EXERCISE DESCRIPTION: Type out the data exactly as given. Skip any image.

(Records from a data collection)
--------

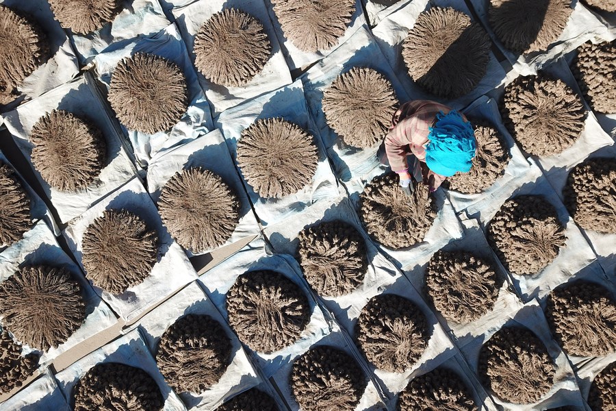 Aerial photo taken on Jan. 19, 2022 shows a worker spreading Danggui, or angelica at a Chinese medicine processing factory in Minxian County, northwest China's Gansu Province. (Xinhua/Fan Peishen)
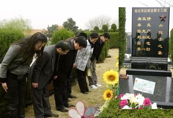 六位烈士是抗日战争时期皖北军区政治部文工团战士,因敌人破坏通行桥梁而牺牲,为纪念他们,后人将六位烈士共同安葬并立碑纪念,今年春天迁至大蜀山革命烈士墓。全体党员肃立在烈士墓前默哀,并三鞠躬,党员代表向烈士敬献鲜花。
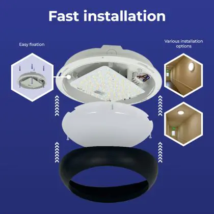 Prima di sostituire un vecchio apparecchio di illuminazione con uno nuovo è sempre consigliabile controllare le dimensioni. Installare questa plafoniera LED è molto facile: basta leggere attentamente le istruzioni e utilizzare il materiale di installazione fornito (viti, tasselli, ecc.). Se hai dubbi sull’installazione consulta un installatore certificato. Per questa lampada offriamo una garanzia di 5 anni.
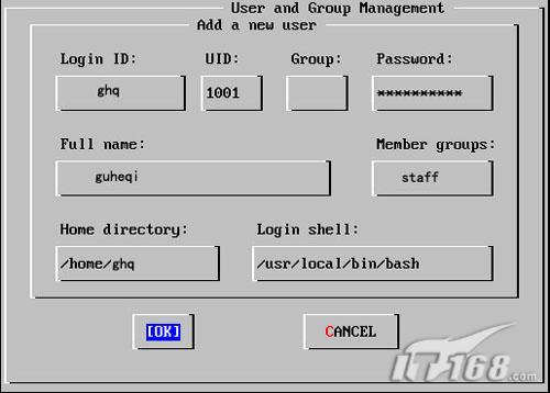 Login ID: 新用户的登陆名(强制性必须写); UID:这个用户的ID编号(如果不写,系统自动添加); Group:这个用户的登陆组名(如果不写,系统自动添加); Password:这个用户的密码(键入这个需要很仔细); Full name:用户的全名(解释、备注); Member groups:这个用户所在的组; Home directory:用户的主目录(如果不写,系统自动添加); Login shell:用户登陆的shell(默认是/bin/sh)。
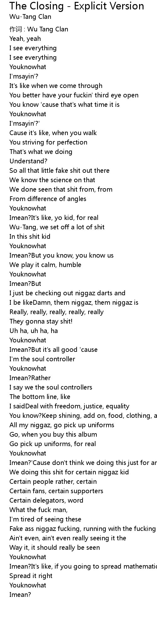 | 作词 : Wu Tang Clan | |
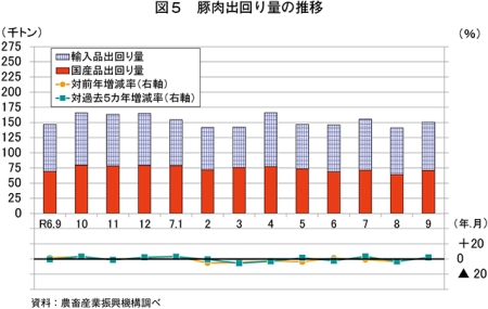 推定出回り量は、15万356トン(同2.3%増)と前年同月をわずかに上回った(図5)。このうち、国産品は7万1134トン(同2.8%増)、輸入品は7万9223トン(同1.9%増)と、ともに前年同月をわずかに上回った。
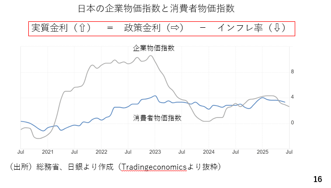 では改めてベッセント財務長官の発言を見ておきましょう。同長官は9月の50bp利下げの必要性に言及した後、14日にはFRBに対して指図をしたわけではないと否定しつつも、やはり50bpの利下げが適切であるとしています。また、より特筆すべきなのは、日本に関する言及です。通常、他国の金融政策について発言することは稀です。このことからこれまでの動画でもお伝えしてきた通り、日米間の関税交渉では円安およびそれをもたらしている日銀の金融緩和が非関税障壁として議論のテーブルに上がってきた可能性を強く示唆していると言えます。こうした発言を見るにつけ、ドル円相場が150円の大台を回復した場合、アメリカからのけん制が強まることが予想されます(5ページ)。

--------

YOUR RESPONSE:
 Aerial photo taken on Jan. 19, 2022 shows a worker spreading Danggui, or angelica at a Chinese medicine processing factory in Minxian County, northwest China's Gansu Province. (Xinhua/Fan Peishen)
 六位烈士是抗日战争时期皖北军区政治部文工团战士,因敌人破坏通行桥梁而牺牲,为纪念他们,后人将六位烈士共同安葬并立碑纪念,今年春天迁至大蜀山革命烈士墓。全体党员肃立在烈士墓前默哀,并三鞠躬,党员代表向烈士敬献鲜花。
 Prima di sostituire un vecchio apparecchio di illuminazione con uno nuovo è sempre consigliabile controllare le dimensioni. Installare questa plafoniera LED è molto facile: basta leggere attentamente le istruzioni e utilizzare il materiale di installazione fornito (viti, tasselli, ecc.). Se hai dubbi sull’installazione consulta un installatore certificato. Per questa lampada offriamo una garanzia di 5 anni.
 Login ID: 新用户的登陆名(强制性必须写); UID:这个用户的ID编号(如果不写,系统自动添加); Group:这个用户的登陆组名(如果不写,系统自动添加); Password:这个用户的密码(键入这个需要很仔细); Full name:用户的全名(解释、备注); Member groups:这个用户所在的组; Home directory:用户的主目录(如果不写,系统自动添加); Login shell:用户登陆的shell(默认是/bin/sh)。
 | 作词 : Wu Tang Clan | |
 推定出回り量は、15万356トン(同2.3%増)と前年同月をわずかに上回った(図5)。このうち、国産品は7万1134トン(同2.8%増)、輸入品は7万9223トン(同1.9%増)と、ともに前年同月をわずかに上回った。
 では改めてベッセント財務長官の発言を見ておきましょう。同長官は9月の50bp利下げの必要性に言及した後、14日にはFRBに対して指図をしたわけではないと否定しつつも、やはり50bpの利下げが適切であるとしています。また、より特筆すべきなのは、日本に関する言及です。通常、他国の金融政策について発言することは稀です。このことからこれまでの動画でもお伝えしてきた通り、日米間の関税交渉では円安およびそれをもたらしている日銀の金融緩和が非関税障壁として議論のテーブルに上がってきた可能性を強く示唆していると言えます。こうした発言を見るにつけ、ドル円相場が150円の大台を回復した場合、アメリカからのけん制が強まることが予想されます(5ページ)。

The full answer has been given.